Psychic Ills

Psychic Ills: We could try it one more time

“I can’t imagine not playing music,” admits Tres Warren.

As the frontman of Psychic Ills, he and Elizabeth Hart have been doing just that for over a decade.

“We met in art class and just had things in common,” he remembers of meeting the group’s bassist at university. “We were a couple, we were together for a long time and started a band. Now we’re like family and we’re still playing music together,” he explains.

“Generally the material starts with me, but I like the collaborative aspect of having somebody come in along the way and record together – I think it’s just fun to have a group.”

Their earliest work was exploratory and improvisational.

“We started out home recording, programming drum machines, playing guitar, and writing songs. I learned to record as I learned how to write songs,” he recalls.

“I still like some of them,” the Texas-born singer-guitarist admits of those first recordings. “I can definitely see things I’d like to change, but I think most people can and it’s important to get past that at a certain point and give it to the world and see what they think about it.

“Some people take 20 years to make a record and that’s cool too, but it’s also about how other people react to it. They’re not thinking about it exactly the way you’re thinking about it – they don’t see the same faults you do.”
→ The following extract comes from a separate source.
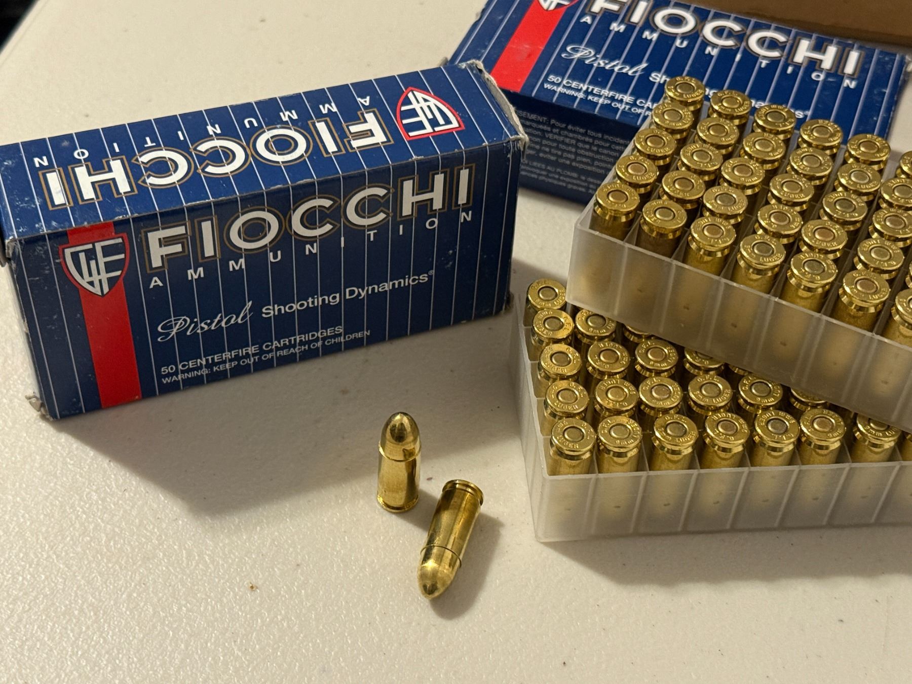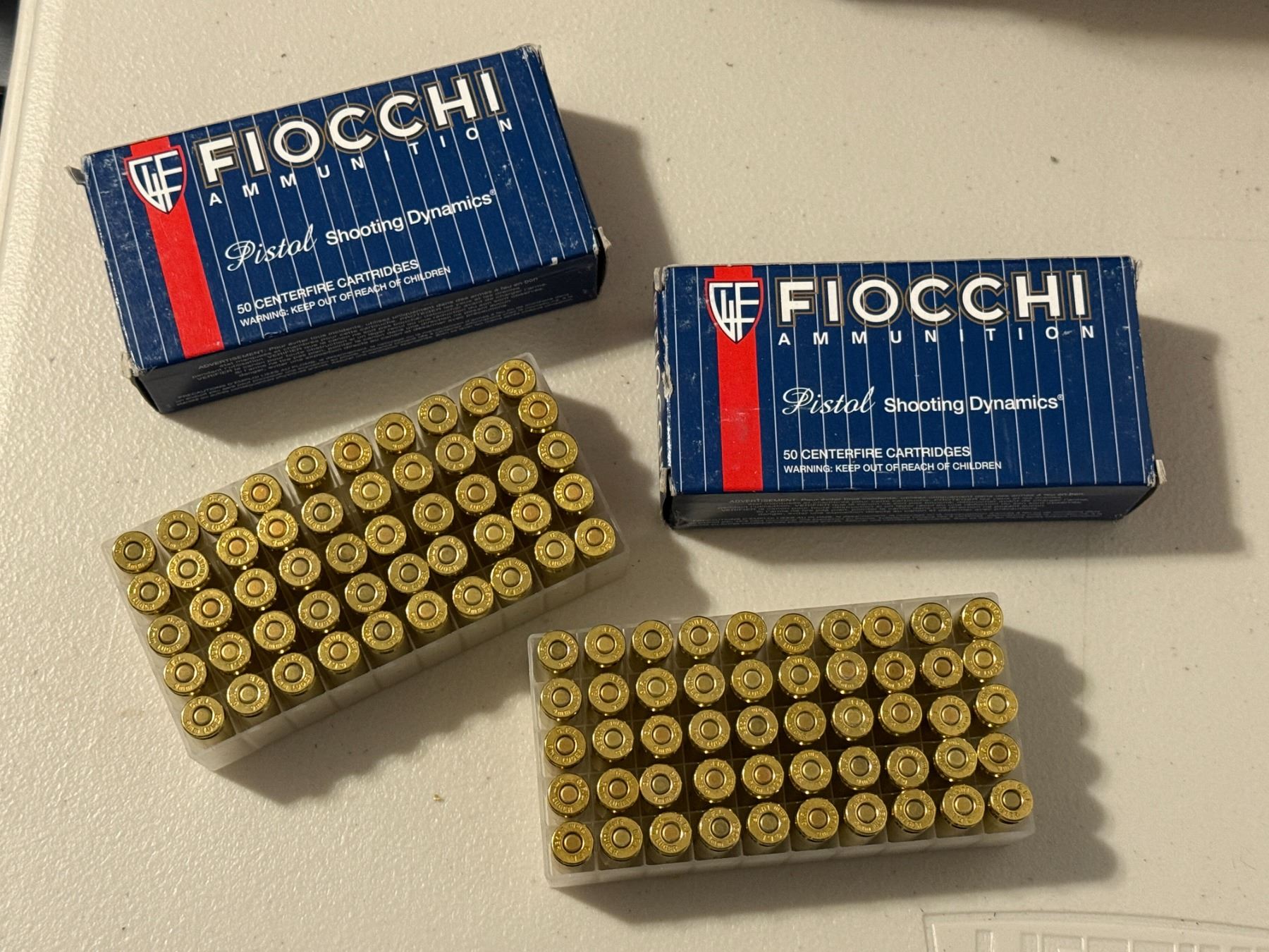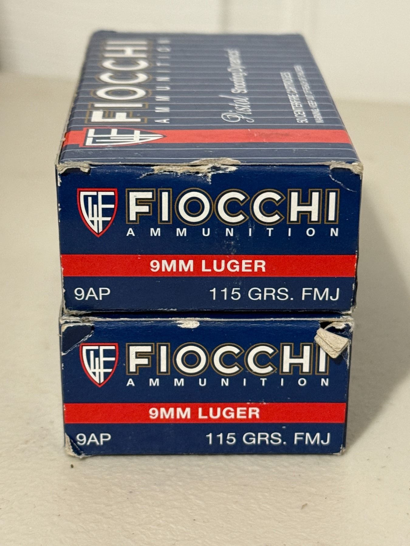 9 mm Luger 115 GRS FMJ Fiocchi Pistol Centerfire Cartridges. 2 full boxes of 50 each.

The soft-spoken Warren continues to see faults in his work, even accomplished new album ‘Inner Journey Out’.

“Maybe there’s too many songs on this record, I don’t know,” he muses at one point, “but I wanted to make a long record. I don’t want to make it an endurance test but I like when you put something on and you can get lost in the feeling of it.

“I know that people generally listen to singles or download a song but I definitely still like listening to a whole record and if there are some singles that pop up throughout that, that’s great.”

‘Inner Journey Out’ certainly delivers on that front – in particular the song ‘I Don’t Mind’, which features the vocals of Mazzy Star’s Hope Sandoval.

“She’s got an amazing voice,” marvels Warren, whose band supported Mazzy Star on a 2013 US tour. So once he’d recorded the song, envisioned as a duet in the style of Nancy Sinatra and Lee Hazlewood’s 1968 album ‘Nancy & Lee’, he sent it to her.

“She really liked it and sang on it,” he offers, simply. “It worked out the best way that it could have – I had this idea that it would be this ‘Nancy & Lee’ type thing and it didn’t turn out exactly like that. But I like how it did – like an old country duet, but not quite.”

Warren has long excelled at delivering such unexpected twists in his music, but now the element of surprise even extends to the artwork of ‘Inner Journey Out’, which resembles a brown paper bag.

“I wanted something that was very plain and didn’t say too much on the outside, but when you got inside of it there was a lot going on,” he concludes with typical understatement.